Fragmented DNA was sequenced on a GAII sequencer analyzer (Illumina, San Diego, CA).

Quality control (QC) analysis was performed using the application NGS quality control tool of CLC Genomics workbench software (CLC Bio, Aarhus, Denmark). This tool assess sequence quality indicators based on the FastQC-project (http://www.bioinformatics.babraham.ac.uk/projects/fastqc/). Quality was measured taking into account sequence-read lengths and base-coverage, nucleotide contributions and base ambiguities, quality scores as emitted by the base caller and over-represented sequences. All the samples analyzed passed all the QC parameters having the same length (36 bp), 100% coverage in all bases, 25% of A, T, G and C nucleotide contributions, 50% GC on base content and less than 0.1% over-represented sequences, indicating a very good quality.

Short sequence single reads (36 bp) were mapped to the annotated UMD3.1 bovine reference genome (http://www.ncbi.nlm.nih.gov/genome/?term=bos+taurus). Analysis of RNA-Seq expression data was performed using the transcriptomics analysis tool of CLC Genomics workbench software. Data were normalized by calculating the ‘reads per kilobase per million mapped reads’ (RPKM) for each gene13. To select expressed genes a threshold of RPKM ≥ 0.2 was used14.
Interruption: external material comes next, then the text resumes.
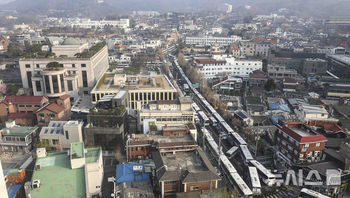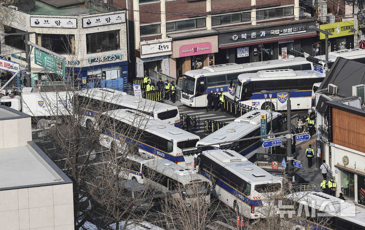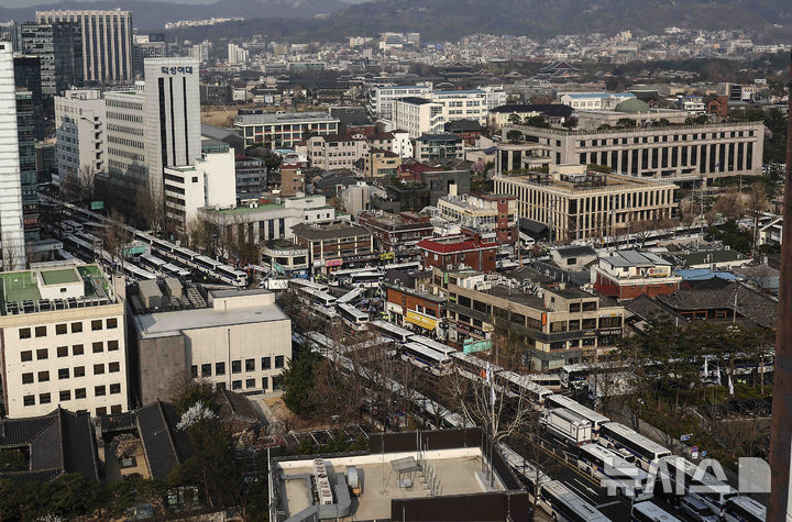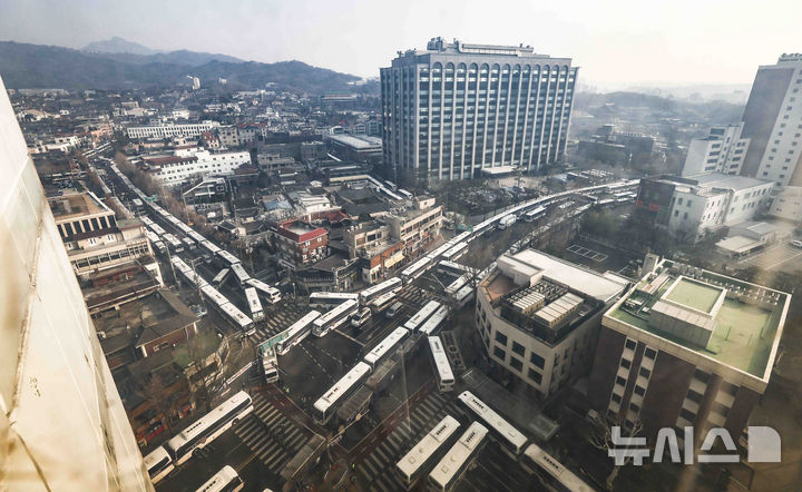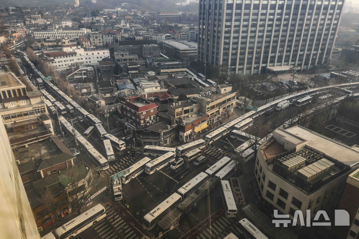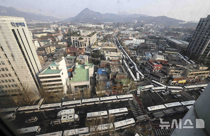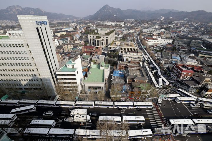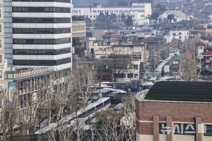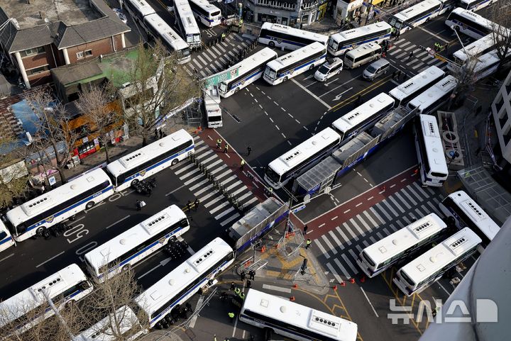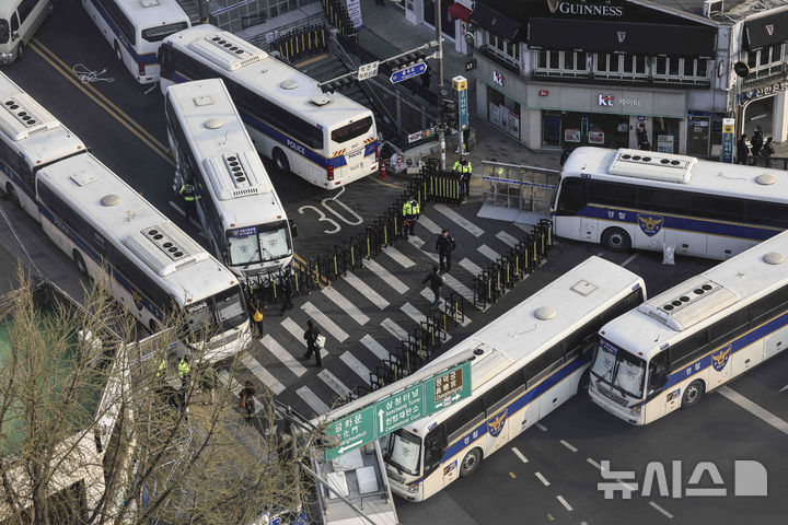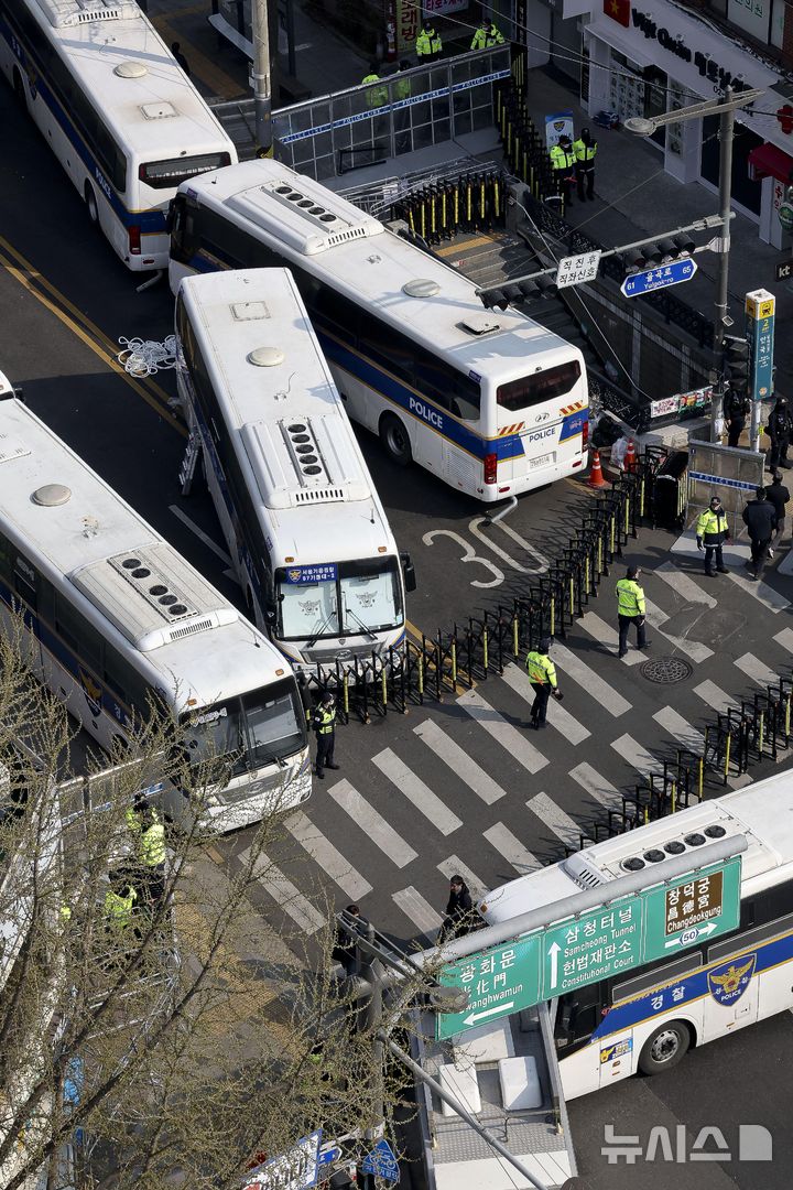 【NEWSIS】尹錫悦(ユン・ソンニョル)大統領に対する弾劾審判の宣告日である4日午前、ソウル市鍾路区にある憲法裁判所近くの通りは、警察車両やバスなどにより「壁」が築かれ、通行が規制された。

Large gap mapping analysis was performed to identify those reads not mapping to the bovine genome. Then, de novo assembly analysis was performed from unmapped reads to generate contigs using CLC Genomics workbench software (CLC Bio, Aarhus, Denmark). Blast2GO software (http://www.blast2go.com) was used for contig annotation and bacteria identification (Gotz et al., 2008). Blats2Go performs the Blast step by communicating directly to NCBI (National Center for Biotechnology Information) blast service. The Blastn algorithm was used to compare a nucleotide query sequence against all the nucleotide sequence database. A statistical significance threshold of 1.0 E-3 (e-value) was established for reporting matches against the database sequences. Also a minimal length (30 bp) of a blast hit and 90% of similarity was used to exclude hits with only small local alignments from the blast results.

Statistical analysis

To examine the similarities between the different sampling procedures a correlation between the RPKM expression levels of MGT, SC, LCMEC, MFG and mMEC transcriptomes was performed using the CORR procedure of SAS (SAS Institute Inc.).